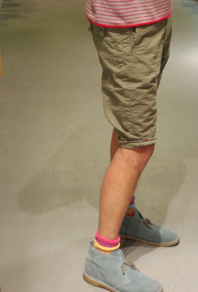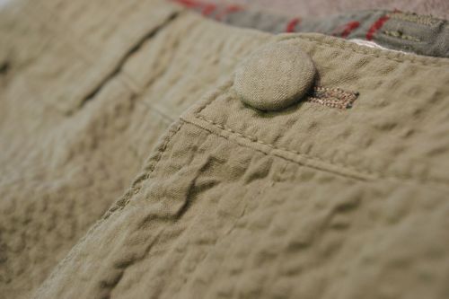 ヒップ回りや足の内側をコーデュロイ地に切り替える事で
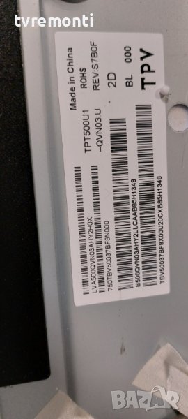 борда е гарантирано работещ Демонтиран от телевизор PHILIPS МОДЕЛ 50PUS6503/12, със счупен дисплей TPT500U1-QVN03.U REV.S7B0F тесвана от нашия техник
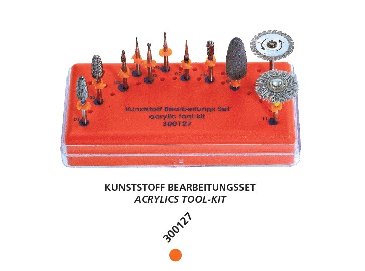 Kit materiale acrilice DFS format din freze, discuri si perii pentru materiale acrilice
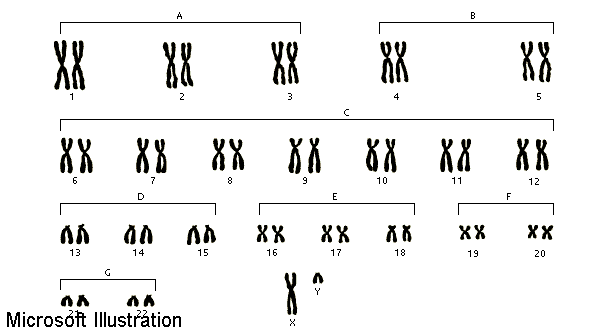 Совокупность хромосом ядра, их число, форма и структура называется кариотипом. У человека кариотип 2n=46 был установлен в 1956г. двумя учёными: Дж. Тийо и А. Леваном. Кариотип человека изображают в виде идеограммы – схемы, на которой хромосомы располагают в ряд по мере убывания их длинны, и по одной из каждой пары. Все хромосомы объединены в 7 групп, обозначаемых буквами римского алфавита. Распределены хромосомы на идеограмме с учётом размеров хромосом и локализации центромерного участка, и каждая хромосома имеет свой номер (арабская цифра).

WHAT IS NEEDED – Reproduce the opening lines of the material above exactly, ending with the line that contains "Kit materiale acrilice". Omit every picture.

ANSWER BOX –
 ヒップ回りや足の内側をコーデュロイ地に切り替える事で
 борда е гарантирано работещ Демонтиран от телевизор PHILIPS МОДЕЛ 50PUS6503/12, със счупен дисплей TPT500U1-QVN03.U REV.S7B0F тесвана от нашия техник
 Kit materiale acrilice DFS format din freze, discuri si perii pentru materiale acrilice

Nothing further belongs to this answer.